# Exercise
Beginning with the line that contains "Painted headliner, door", retype the entries below exactly, ending with the line that contains "Accesorios: Bandeja lisa, bandeja". Leave out any pictures.

# Supplied information

################

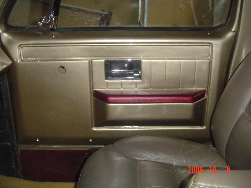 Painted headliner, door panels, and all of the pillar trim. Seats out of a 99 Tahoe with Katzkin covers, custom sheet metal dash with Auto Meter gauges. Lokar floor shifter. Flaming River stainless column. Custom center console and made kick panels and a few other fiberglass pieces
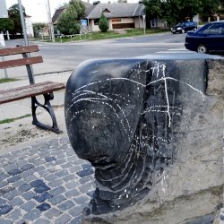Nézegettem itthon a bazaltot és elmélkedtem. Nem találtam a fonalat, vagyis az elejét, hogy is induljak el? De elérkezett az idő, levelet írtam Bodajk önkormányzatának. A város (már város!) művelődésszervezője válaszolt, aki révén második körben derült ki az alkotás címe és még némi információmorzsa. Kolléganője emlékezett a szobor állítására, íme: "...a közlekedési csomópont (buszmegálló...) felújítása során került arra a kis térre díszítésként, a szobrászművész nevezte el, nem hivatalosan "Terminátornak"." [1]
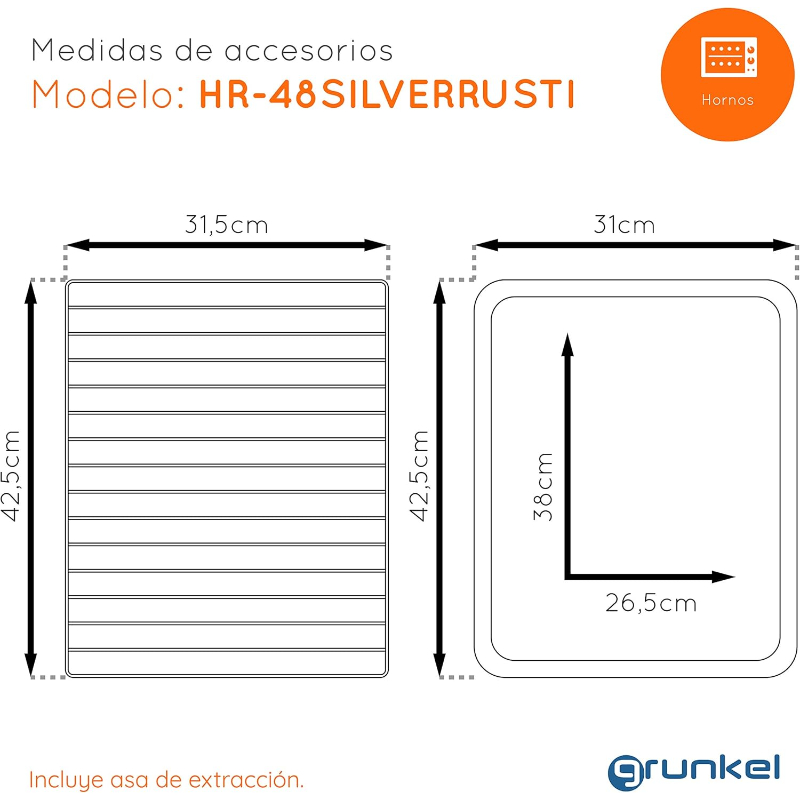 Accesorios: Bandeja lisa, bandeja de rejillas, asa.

################

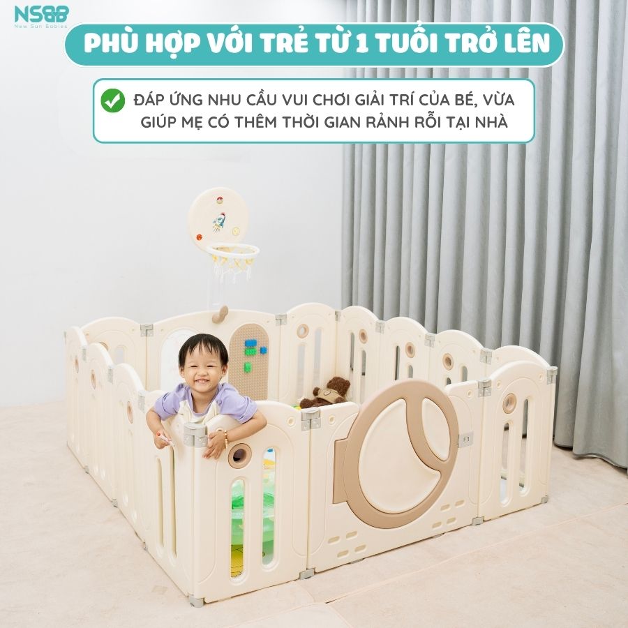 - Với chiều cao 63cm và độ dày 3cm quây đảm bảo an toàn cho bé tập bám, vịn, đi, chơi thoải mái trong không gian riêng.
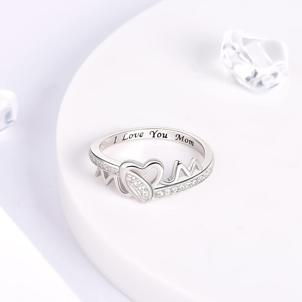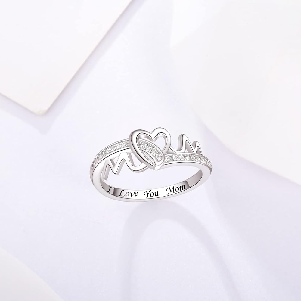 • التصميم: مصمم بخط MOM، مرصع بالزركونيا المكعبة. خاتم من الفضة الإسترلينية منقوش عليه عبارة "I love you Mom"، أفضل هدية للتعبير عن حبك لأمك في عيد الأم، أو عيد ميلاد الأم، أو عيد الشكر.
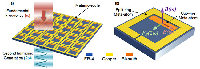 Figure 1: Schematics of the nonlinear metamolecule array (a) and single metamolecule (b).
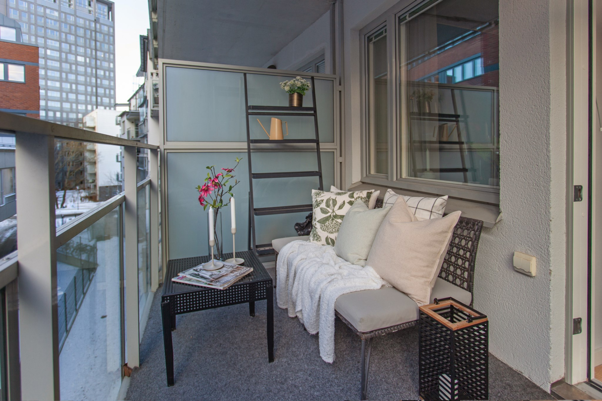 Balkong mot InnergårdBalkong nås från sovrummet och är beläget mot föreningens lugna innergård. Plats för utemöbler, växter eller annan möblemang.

################

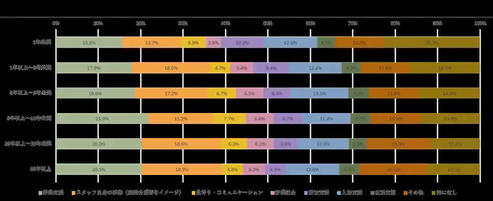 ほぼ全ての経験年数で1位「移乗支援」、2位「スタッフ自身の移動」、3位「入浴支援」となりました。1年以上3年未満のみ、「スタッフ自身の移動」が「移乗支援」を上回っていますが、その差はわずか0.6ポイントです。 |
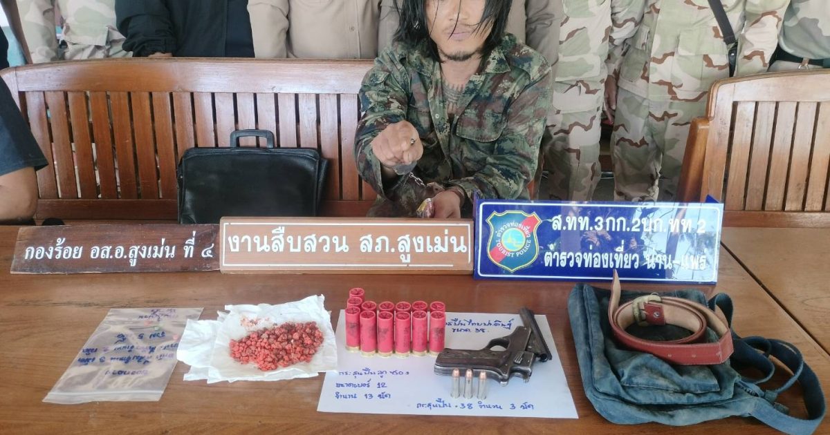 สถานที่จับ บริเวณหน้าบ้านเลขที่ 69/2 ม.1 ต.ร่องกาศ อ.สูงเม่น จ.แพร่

################

# Response below
 Painted headliner, door panels, and all of the pillar trim. Seats out of a 99 Tahoe with Katzkin covers, custom sheet metal dash with Auto Meter gauges. Lokar floor shifter. Flaming River stainless column. Custom center console and made kick panels and a few other fiberglass pieces
Nézegettem itthon a bazaltot és elmélkedtem. Nem találtam a fonalat, vagyis az elejét, hogy is induljak el? De elérkezett az idő, levelet írtam Bodajk önkormányzatának. A város (már város!) művelődésszervezője válaszolt, aki révén második körben derült ki az alkotás címe és még némi információmorzsa. Kolléganője emlékezett a szobor állítására, íme: "...a közlekedési csomópont (buszmegálló...) felújítása során került arra a kis térre díszítésként, a szobrászművész nevezte el, nem hivatalosan "Terminátornak"." [1]
 Accesorios: Bandeja lisa, bandeja de rejillas, asa.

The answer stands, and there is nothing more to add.